BURNING MAN…Is my favorite place on planet earth. My first time was in 2012. My woman and I, that’s how we ended up together—from Burning Man that year. We’d met in 2011 and we were close from then, but it was at Burning Man, the year of fertility, funnily enough. It was such a powerful and incredible transformative experience for me; it was understanding the full potential of human creativity if unleashed, and the difference between time-is-money and time-is-art. This year we took my son there. I went by myself for the first few days, and then I was like, “This is ridiculous. They should be here.” So I flew them to the playa and my son loved it. We were worried because he’s a little Virgo and he’s super particular about textures, so I was like, “He’s going to hate the dust.” But he was a little dust dragon.

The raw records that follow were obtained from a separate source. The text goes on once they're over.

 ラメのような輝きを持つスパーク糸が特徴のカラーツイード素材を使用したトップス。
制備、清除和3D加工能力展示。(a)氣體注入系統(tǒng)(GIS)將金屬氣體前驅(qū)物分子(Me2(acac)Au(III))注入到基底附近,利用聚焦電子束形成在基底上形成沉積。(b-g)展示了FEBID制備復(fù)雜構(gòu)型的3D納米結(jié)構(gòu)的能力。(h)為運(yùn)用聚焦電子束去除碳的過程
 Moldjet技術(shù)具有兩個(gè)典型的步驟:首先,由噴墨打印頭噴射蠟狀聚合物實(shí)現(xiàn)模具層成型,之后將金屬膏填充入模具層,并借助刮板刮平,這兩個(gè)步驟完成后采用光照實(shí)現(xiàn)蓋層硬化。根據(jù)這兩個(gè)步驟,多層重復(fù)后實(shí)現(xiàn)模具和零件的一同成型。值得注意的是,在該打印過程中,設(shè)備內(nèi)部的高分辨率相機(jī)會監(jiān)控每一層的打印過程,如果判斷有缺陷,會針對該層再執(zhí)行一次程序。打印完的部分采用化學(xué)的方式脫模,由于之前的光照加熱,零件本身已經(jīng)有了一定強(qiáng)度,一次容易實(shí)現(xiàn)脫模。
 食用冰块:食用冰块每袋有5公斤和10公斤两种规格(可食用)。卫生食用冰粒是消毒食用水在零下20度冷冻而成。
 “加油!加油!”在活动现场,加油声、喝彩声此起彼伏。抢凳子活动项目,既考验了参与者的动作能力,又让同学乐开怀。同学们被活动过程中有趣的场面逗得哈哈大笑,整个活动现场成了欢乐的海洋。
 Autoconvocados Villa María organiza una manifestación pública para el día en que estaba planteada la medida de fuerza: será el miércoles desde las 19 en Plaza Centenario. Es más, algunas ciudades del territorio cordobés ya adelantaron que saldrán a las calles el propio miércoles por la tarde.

We had him literally in a dragon suit for half the time. He was making dust angels. It was brilliant
PARENTHOOD: This is total biased parent shit, but [my son] is one of the most unique and individual little people that I’ve ever come across. He’s so vibrant and full of life. He’s such a musician already. He grabs his ukulele on the daily and jumps up and does little performances for us. My son is thing that made it all possible. It’s the same with all the red carpet stuff; it really puts things in perspective when you go from the glitz and the glam and the cars and the drivers and the ushering and the interviews and the photos, and come home and he wants to sit down and read The Lorax. I get to play with him on that level and then we wrestle. It brings it back down to basics and everything else seems really irrelevant and superfluous.
UP NEXT: I’m going to go back to Australia. I’m going to go chill out on a beach and go surfing every day and get my feet on the earth.
SEASON ONE OF MARVEL’S JESSICA JONES IS NOW AVAILABLE VIA NETFLIX.